OPINI- “Kita mesti telanjang dan benar-benar bersih, Suci lahir dan di dalam batin, Tengoklah ke dalam sebelum bicara, Singkirkan debu yang masih melekat, Anugerah dan bencana adalah kehendak-Nya, Kita mesti tabah menjalani, Hanya cambuk kecil, agar kita sadar, Adalah Dia di atas segalanya, Anak menjerit-jerit, Asap panas membakar, Lahar dan badai menyapu bersih, Ini bukan hukuman, Hanya satu isyarat, Bahwa kita mesti banyak berbenah, Memang bila kita kaji lebih jauh, Dalam kekalutan masih banyak tangan, Yang tega berbuat nista, Tuhan pasti telah memperhitungkan, Amal dan dosa yang kita perbuat, Ke manakah lagi kita ‘kan sembunyi?…., Hanya kepada-Nya kita kembali, Tak ada yang bakal bisa menjawab, Mari hanya runduk sujud pada-Nya. Kita mesti berjuang memerangi diri, Bercermin dan banyaklah bercermin, Tuhan ada di sini, di dalam jiwa ini, Berusahalah agar Dia tersenyum”. (sang Maestro Ebiet G. Ade).

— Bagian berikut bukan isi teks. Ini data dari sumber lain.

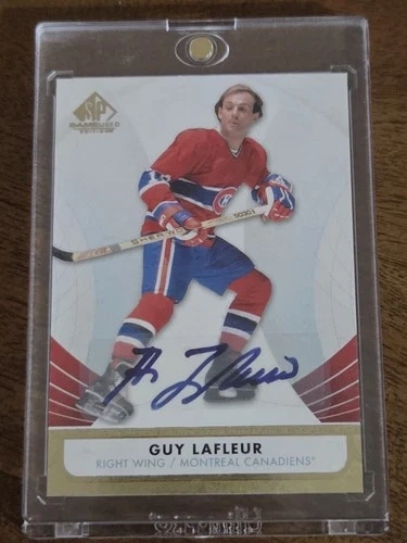Authentic Guy Lafleur signed trading card from 2012–13 Upper Deck SP Game Used Hockey (#46). Features a certified on-card autograph, guaranteed authentic by Upper Deck. Includes the official certification statement on the reverse. Player: Guy Lafleur (Hockey Hall of Fame), Team: Montreal Canadiens, Set: 2012–13 SP Game Used Hockey, Card Number: #46, Autograph: On-card, Upper Deck certified, Condition: Excellent (stored in One-Touch magnetic holder). A fantastic piece for Canadiens collectors, Hall of Fame collectors, or autograph investors. Guy Lafleur is one of the most iconic players in NHL history. Feel free to message with any questions.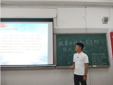 此次班会中,主持人首先向学生们介绍了改革开放40周年以来我国在经济、政治、民生、外交等领域进行了深层次的、根本性的变革,取得了全方位的、开创性的成就。让学生们解了改革开放以来,我国发生了翻天覆地的深刻变化。接着,主持人主要从以下八个方面来展开了详细的解释:一、我国经济发展水平不断提高,二、治国理政取得重大成效,三、社会民生不断改善,四、社会事业繁荣发展,五、基础设施建设卓有成效,六、科技创新成果大量涌现,七、生态文明建设取得积极进展,八、外交事业进一步发展。让学生们明白了只有更好的学习党的先进理论知识并结合自身实践,用自己所知所学帮助同学,回报社会,为中国梦的实现付出自己应尽的义务和责任。随后,各班辅导员就以上的八个问题向同学们发起提问并检测其学习的效果,同学们也都积极的回答了相应题目的问题。18美术学唐云云分享了自己的感言:“作为新时代的青少年学生要学会珍惜时间,刻苦学习,肩负起光荣的历史革命,提高素质,努力成才。”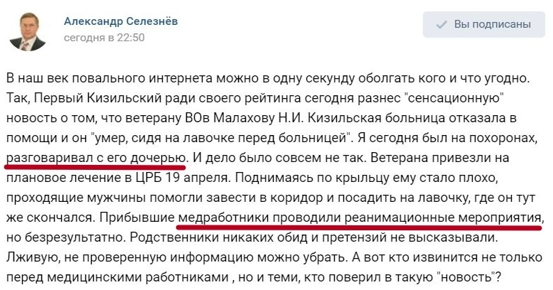 Позже главврач больницы Алла Васильева сообщила, что эта информация не соответствует действительности. По ее словам, на 19 апреля была назначена плановая госпитализация пенсионера. Родственники привезли его в больницу. Но когда мужчина поднимался по лестнице, ему стало плохо, он потерял сознание. Сотрудники учреждения занесли его в отделение, но уже не смогли помочь, пишет URA.RU.

Merenungi syair indah sang maestro di atas jika dikaitkan dengan kondisi saat ini yaitu pandemi yang belum usai kiranya cukup relevan, kita harus introspeksi diri perbanyak mengok ke dalam (diri kita masing-masing) mungkin banyaknya debu yang harus kita bersihkan agar suci lahir dan batin, kita harus berbenah untuk menyongsong sebuah perubahan besar, ini adalah isyarat yang merupakan cambuk kecil dari TUHAN, kita harus kuat, kita harus berjuang dan memohon kekuatan dalam berjuang karena sebagai insan tidak ada daya upaya kecuali atas pertolongan-Nya, dan ingatlah kita akan kembali kepada-Nya, maka bercerminlah dan bertanyalah kepada-Nya. QS.2:186 “Dan apabila hamba-hamba-Ku bertanya kepadamu tentang Aku, maka (jawablah), bahwasanya Aku adalah dekat. Aku mengabulkan permohonan orang yang berdoa apabila ia memohon kepada-Ku, maka hendaklah mereka itu memenuhi (segala perintah-Ku) dan hendaklah mereka beriman kepada-Ku, agar mereka selalu berada dalam kebenaran”.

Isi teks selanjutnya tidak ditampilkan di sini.